The use of privately contracted school inspectors is on the rise, despite concerns about their "inconsistent" performance.
Additional inspectors (AIs), employed by private firms which carry out inspections for Ofsted, have cost #163;126 million over the last three years, figures released to The TES have revealed.
They led 78 per cent of the state schools inspections carried out in 200910, up from 76 per cent the previous year.
Representatives from the three independent service providers (ISPs) - CfBT, Tribal and Serco - told Wednesday's hearing of the Commons education select committee, which is scrutinising the role and performance of Ofsted, that some inspectors had not taught in a classroom for more than 20 years.
Several submissions to the committee raised concerns about the quality of AIs' inspections compared to those carried out by Her Majesty's Inspectors (HMIs), who are employed directly by Ofsted.

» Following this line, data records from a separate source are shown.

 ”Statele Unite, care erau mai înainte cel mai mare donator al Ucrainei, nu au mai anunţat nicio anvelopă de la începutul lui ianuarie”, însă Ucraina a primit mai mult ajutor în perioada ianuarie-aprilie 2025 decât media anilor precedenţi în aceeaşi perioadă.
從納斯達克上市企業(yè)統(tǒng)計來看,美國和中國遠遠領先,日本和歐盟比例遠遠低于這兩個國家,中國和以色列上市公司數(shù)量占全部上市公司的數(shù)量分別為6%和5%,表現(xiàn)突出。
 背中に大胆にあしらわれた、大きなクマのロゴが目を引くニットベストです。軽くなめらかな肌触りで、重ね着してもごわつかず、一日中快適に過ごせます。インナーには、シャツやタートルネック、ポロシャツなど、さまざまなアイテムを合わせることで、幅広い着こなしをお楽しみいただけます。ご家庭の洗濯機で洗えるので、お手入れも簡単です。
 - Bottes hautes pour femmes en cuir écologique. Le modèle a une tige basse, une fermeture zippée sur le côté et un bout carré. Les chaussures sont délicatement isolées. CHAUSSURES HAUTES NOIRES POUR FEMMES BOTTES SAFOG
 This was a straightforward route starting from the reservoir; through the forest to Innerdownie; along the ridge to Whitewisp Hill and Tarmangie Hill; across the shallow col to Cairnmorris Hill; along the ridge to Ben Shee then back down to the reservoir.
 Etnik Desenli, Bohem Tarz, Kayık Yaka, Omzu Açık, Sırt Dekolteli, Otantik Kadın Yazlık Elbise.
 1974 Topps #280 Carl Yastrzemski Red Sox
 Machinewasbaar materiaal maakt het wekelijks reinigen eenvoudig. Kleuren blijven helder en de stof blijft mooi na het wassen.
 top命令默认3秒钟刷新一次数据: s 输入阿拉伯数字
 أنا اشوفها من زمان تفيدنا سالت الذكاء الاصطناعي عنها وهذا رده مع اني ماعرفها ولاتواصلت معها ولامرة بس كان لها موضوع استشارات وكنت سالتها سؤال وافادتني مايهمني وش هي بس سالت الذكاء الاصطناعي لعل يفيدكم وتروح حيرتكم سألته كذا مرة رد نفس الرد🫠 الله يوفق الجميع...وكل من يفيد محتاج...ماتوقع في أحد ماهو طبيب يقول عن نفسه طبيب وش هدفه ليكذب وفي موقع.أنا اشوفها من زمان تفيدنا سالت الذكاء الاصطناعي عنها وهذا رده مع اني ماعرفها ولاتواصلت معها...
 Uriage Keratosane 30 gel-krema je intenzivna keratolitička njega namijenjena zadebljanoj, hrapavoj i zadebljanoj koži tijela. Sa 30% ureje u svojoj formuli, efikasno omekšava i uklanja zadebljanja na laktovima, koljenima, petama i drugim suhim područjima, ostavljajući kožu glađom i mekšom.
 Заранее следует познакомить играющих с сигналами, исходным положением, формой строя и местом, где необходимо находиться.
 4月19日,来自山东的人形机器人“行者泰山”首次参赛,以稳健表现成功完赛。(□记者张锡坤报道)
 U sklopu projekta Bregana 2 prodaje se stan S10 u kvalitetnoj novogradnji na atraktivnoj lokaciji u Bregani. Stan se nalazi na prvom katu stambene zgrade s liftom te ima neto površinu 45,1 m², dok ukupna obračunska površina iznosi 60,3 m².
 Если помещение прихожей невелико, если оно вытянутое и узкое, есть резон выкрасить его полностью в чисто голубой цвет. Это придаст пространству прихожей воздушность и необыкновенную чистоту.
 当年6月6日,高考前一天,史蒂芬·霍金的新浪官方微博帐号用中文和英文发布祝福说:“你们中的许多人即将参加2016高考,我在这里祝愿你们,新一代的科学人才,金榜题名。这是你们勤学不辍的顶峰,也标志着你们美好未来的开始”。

The ISPs insist AIs' work is carefully monitored so there is "little discernible difference" between them and HMIs - and Ofsted admitted to The TES that it could not afford to employ the extra 150 HMIs which would be needed if they were to lead all of its inspections.
A written submission from teaching union NASUWT said it "remains concerned that in too many instances ... inspectors' knowledge, experience and understanding of key elements of the areas they are seeking to inspect are inadequate or insufficiently up to date".
Anastasia de Waal, deputy director for research at think-tank Civitas, told an earlier committee hearing that schools "prefer" being inspected by HMIs as "they feel they are getting additional advice".